BioConductor - Data Extraction

This notebook aims to retrieve and collect all the available (useful) data from BioConductor. In particular, it collects the R packages' meta-data for a given set of versions.


In [8]:
import pandas
import requests
import json
import BeautifulSoup as bs

from datetime import date
from itertools import repeat

We will retrieve a lot of data, we can benefit from IPython's parallel computation tool.

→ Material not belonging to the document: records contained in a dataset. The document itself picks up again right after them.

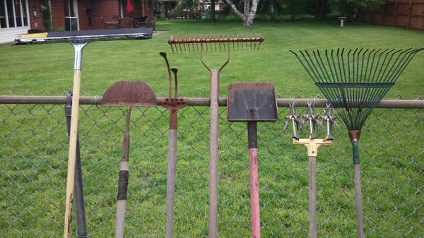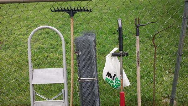 Aluminum gutter guards 3 ft. sections, Golf hole markers, 5 gal. used buckets, garden hose holder, new grass clippers , tree hand saw, heavy duty gate 32 inch wide x 46 inch tall w/post clamps, electric hedge trimmer -$20 hedge shears-$15,new metal buckets n more . Various Prices on Items listed. Cash Only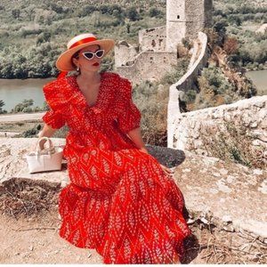 Zara Openwork Embroidered Midi Dress Blogger Fave Red White Size Medium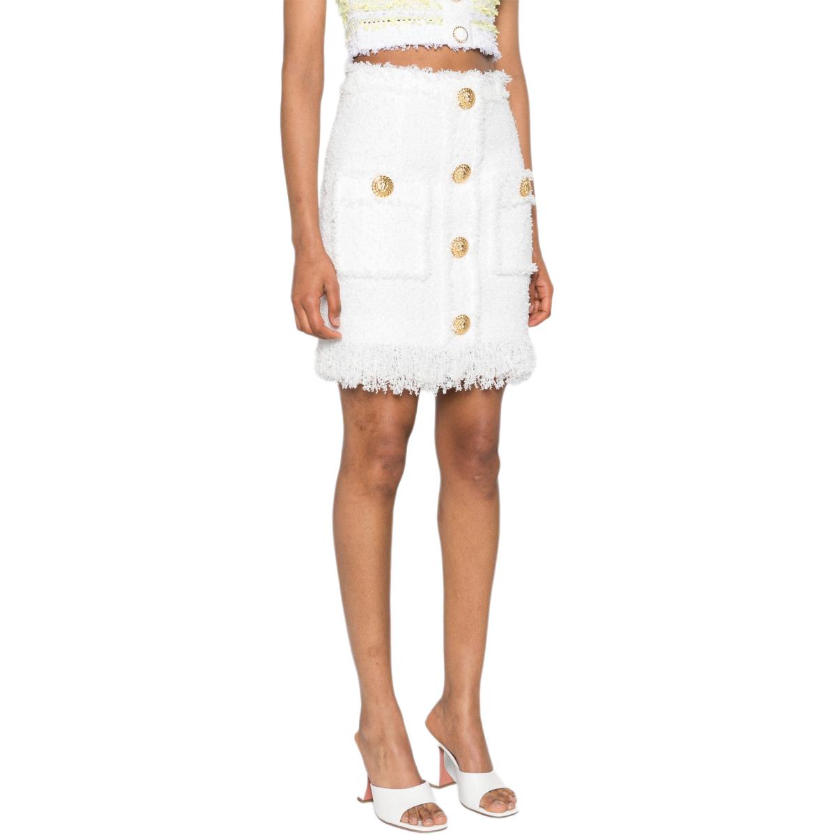 Высокая талия Твид Мини-юбка BALMAIN, Белый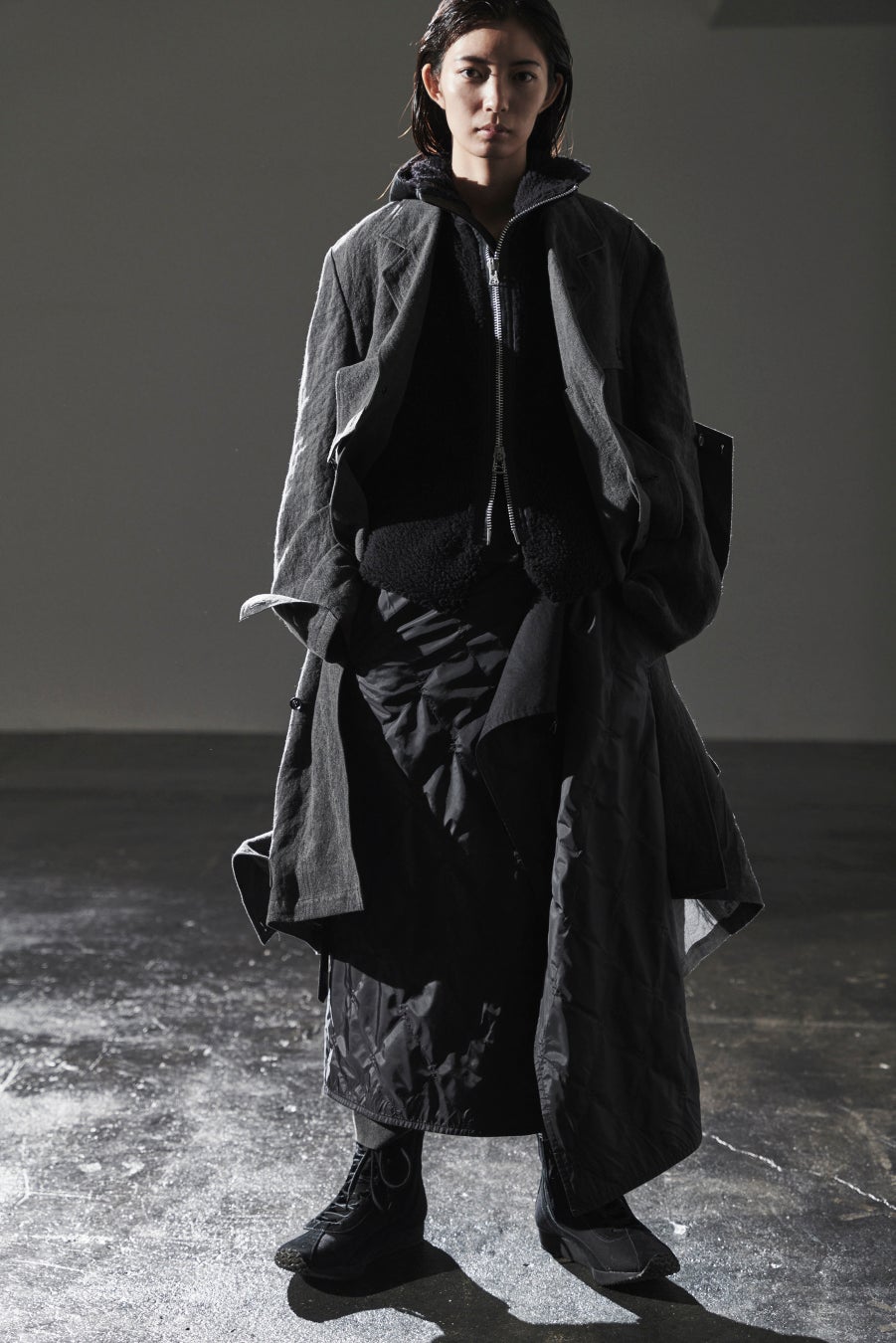 No.187 墨染めロングコート。両脇に配されたジップを開くとマチが拡がり、シルエットが変化する。不規則にあて布が構成され、それぞれが留めボタンの開閉で剥がれ落ちたような表情に。肘部分もジップを開くとマチが拡がり、動きやすさとデザイン性をつくるディテール。リネン100%の生地を不均一に染め上げ、自然なシワ感がユニークで特徴的な生地。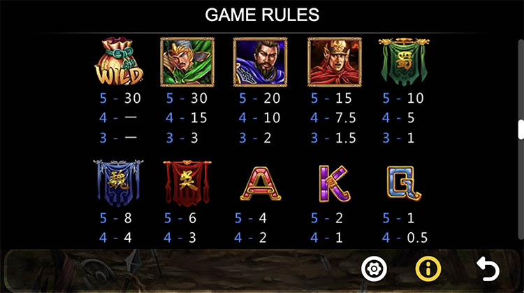 Таблица выплат Three Kingdoms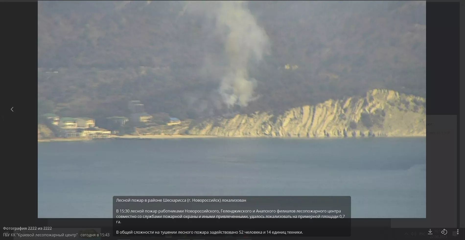 В соцсетях 27 августа появились кадры, на которых видно дым над лесом в районе Новороссийска.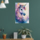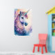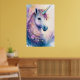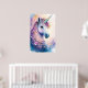 Poster d'une licorne majestueuse avec une corne chatoyante et colorée est représenté au milieu d'un arrière - plan rêveur de couleurs pastel douces. Sa crinière flottante est ornée de fleurs délicates, créant une scène éthérée et enchanteresse.
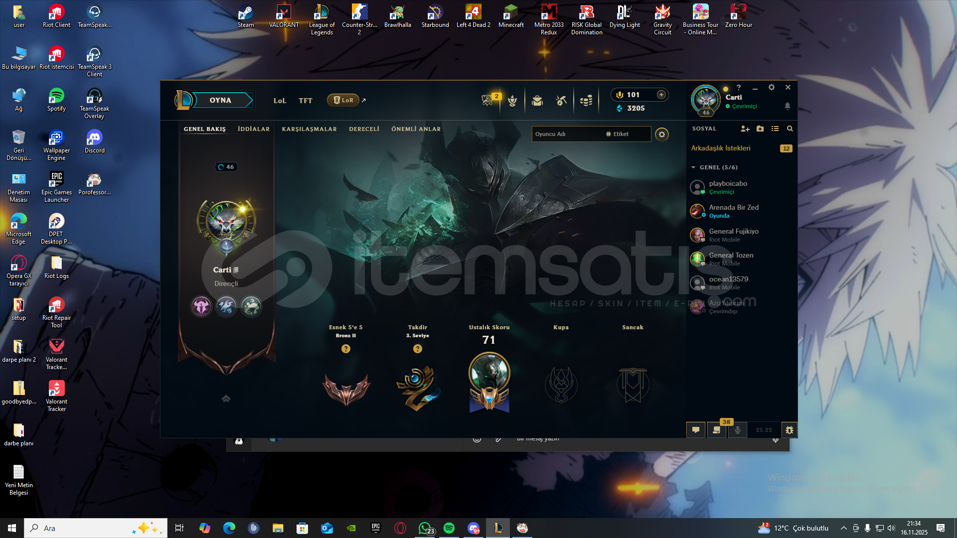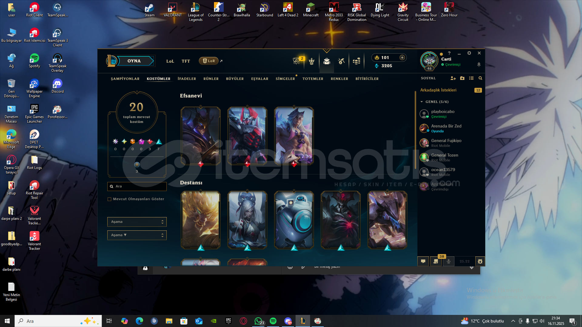 VANDAL:AEMONDIR/KURONAMİ/EJDER/DELİPOP/İYON/FELAKETİN KALBİPHANTOM:ZİFİRİ/SERİ TETİK/ASİLBIÇAK:ONİ KATANA/YAĞMACI KARAMBİT/UZAYLI AVCISI/SEMAVİ YELPAZE/KARABORSA KELEBEKSHERİFF: AEMONDIRGHOST:EVORİOPERATÖR:KÖKENHESABA 10K YATIRILDI 8K SATIYORUM İLK MAİL İLE DEVREDİLCEKTİR SORMAK İSTEDİĞİNİZ SORULAR VARSA DM YADA DC:Furkanss10 istek atıp konu...

To use this notebook, you need either to configure your IPController or to start a cluster of IPython nodes, using ipcluster start -n 4 for example. See https://ipython.org/ipython-doc/dev/parallel/parallel_process.html for more information.

It seems that most recent versions of IPython Notebook can directly start cluster from the web interface, under the Cluster tab.


In [9]:
from IPython import parallel
clients = parallel.Client()
clients.block = True # synchronous computations
print 'Clients:', str(clients.ids)


Clients: [0, 1, 2, 3, 4, 5, 6, 7, 8, 9, 10, 11]

We first define a set of useful constants that store several URL's. As BioConductor splits its packages in three categories (Softwares, AnnotationData and ExperimentData), we'll store three distinct URL's for each of those.


In [10]:
CATEGORIES = ['Software', 'AnnotationData', 'ExperimentData']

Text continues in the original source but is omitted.